Devin McDermott: So I wanted to ask about the Permian. You’ve had strong results so far this year and in the slides you had some interesting charts and some of the advantages you see versus peers and how you develop the asset. I was wondering if you could dive into a little bit more detail on that. When you think about some of the specific drivers that allow you to get such better MPV versus other cube development in the basin, what are those in your view? And as part of that, could you address the resource recovery trends you’re seeing and the improvement there and any room for further up-side on that?
Darren Woods: Yes, sure. Al, I guess maybe start by going back to the approach we outlined 2018-2019 timeframe where we said ExxonMobil can bring a different game to the unconventional space and really bring to bear and leverage the capabilities that we have versus many others who are competing in that space. And key amongst those was taking advantage of our scale and balance sheet to develop this asset at scale. And so, you may recall, we talked about the cube development, which was really focusing on how you maximize overall recovery and not near term production. That wasn’t a particularly well received approach back in 2018-2019 timeframe, but I think with time, it’s demonstrated its value and it’s actually manifesting itself in the results that you see today, which is, we’re focused on making sure that as we develop the resources and all the benches in that resources, particularly the ones that are connected, that we do that in an optimum way, that develops and maximizes the recovery versus initial production rates.

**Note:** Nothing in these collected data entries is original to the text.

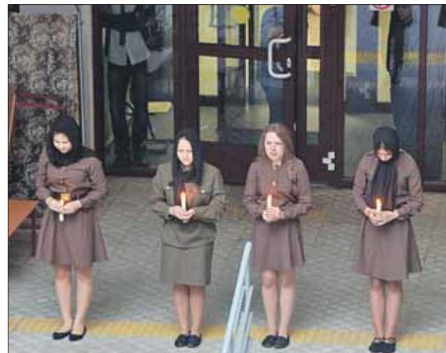
Была создана атмосфера июня 1941-го года

Акция «Вахта Памяти. Вечный огонь-2014» прошла 21 июня у школы №446 на площади Журавлёва. Именно здесь в 1941 году был штаб 2-й дивизии народного ополчения, шло формирование полков. В школу приходили добровольцы — работники расположенных
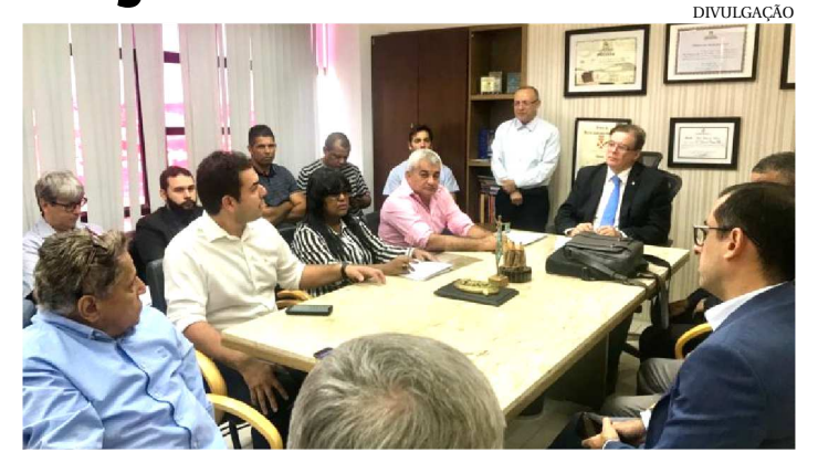
O IMPASSE ENTRE RODOVIÁRIOS E PATRÕES DUROU 4 MESES

Em audiência de negociação realizada ontem no Tribunal Regional do Trabalho, entre rodoviários e empresários, ficou acertado o reajuste de 7%, que será concedido aos trabalhadores, a partir do próximo mês de janeiro. Além disso, a categoria conseguiu a garantia de manutenção da função de cobrador e mais a disponibilização integral do plano de saúde.
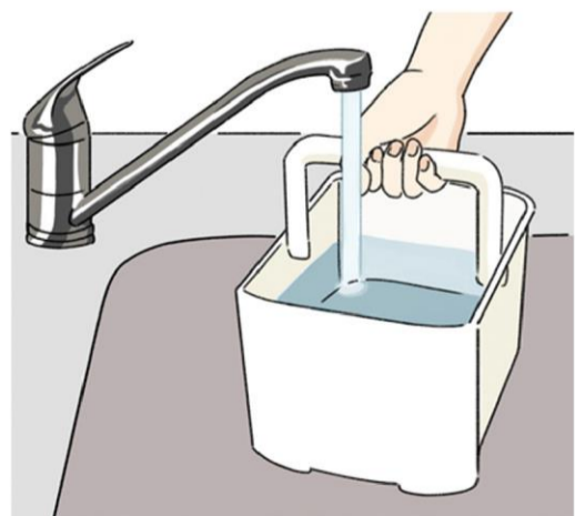
どのタイプの加湿器も、水道水を使いましょうね

置く高さも重要で、湿気は、下に貯まりやすいので、床から50センチ〜1メートルの高さが良いそうです。
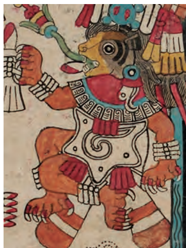
Figura 12. Códice borbónico , lám. 16, detalle. Fotografía del original.
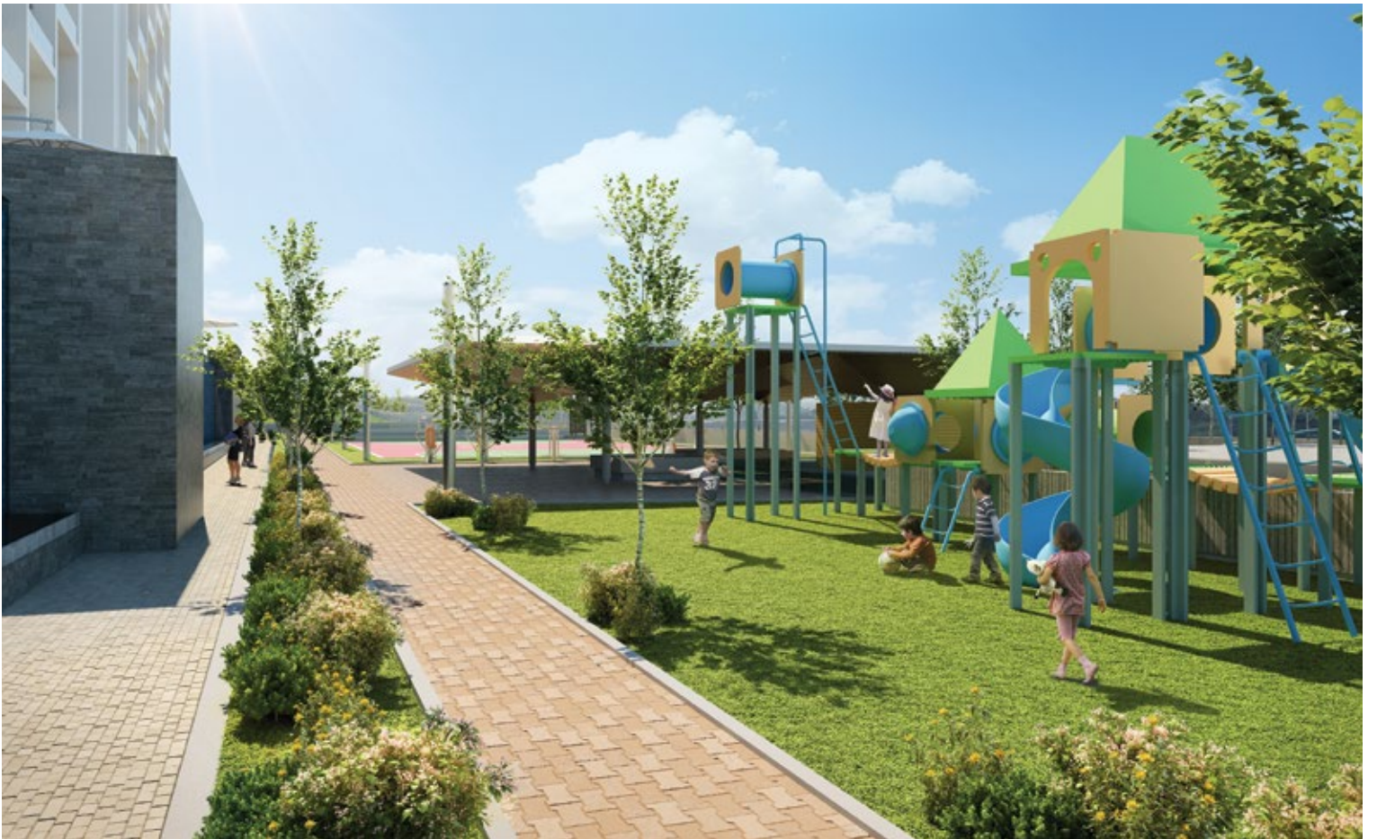
Galeria Towers & Plaza | Áreas sociales

And so that’s really important. That cube development, we continue to evolve that. I think we’ve gotten to a stage now where we feel really good about how we’re executing that development. We focused on capital efficiency. And I would tell you today, we are setting records for the length of our lateral wells, which, again, lowers the cost associated with accessing the resource. And importantly, as you drill longer wells, it’s critical that the productivity of each foot of that well remains constant. And so, we’ve done a lot of work to make sure that the productivity of each foot is consistent as we drill longer and longer. So that’s driving capital costs down pretty significantly. And then I would say, we’ve got a lot of technologies that we’re trialing, ones that I won’t go into specific detail on to try to match some eyes recovery.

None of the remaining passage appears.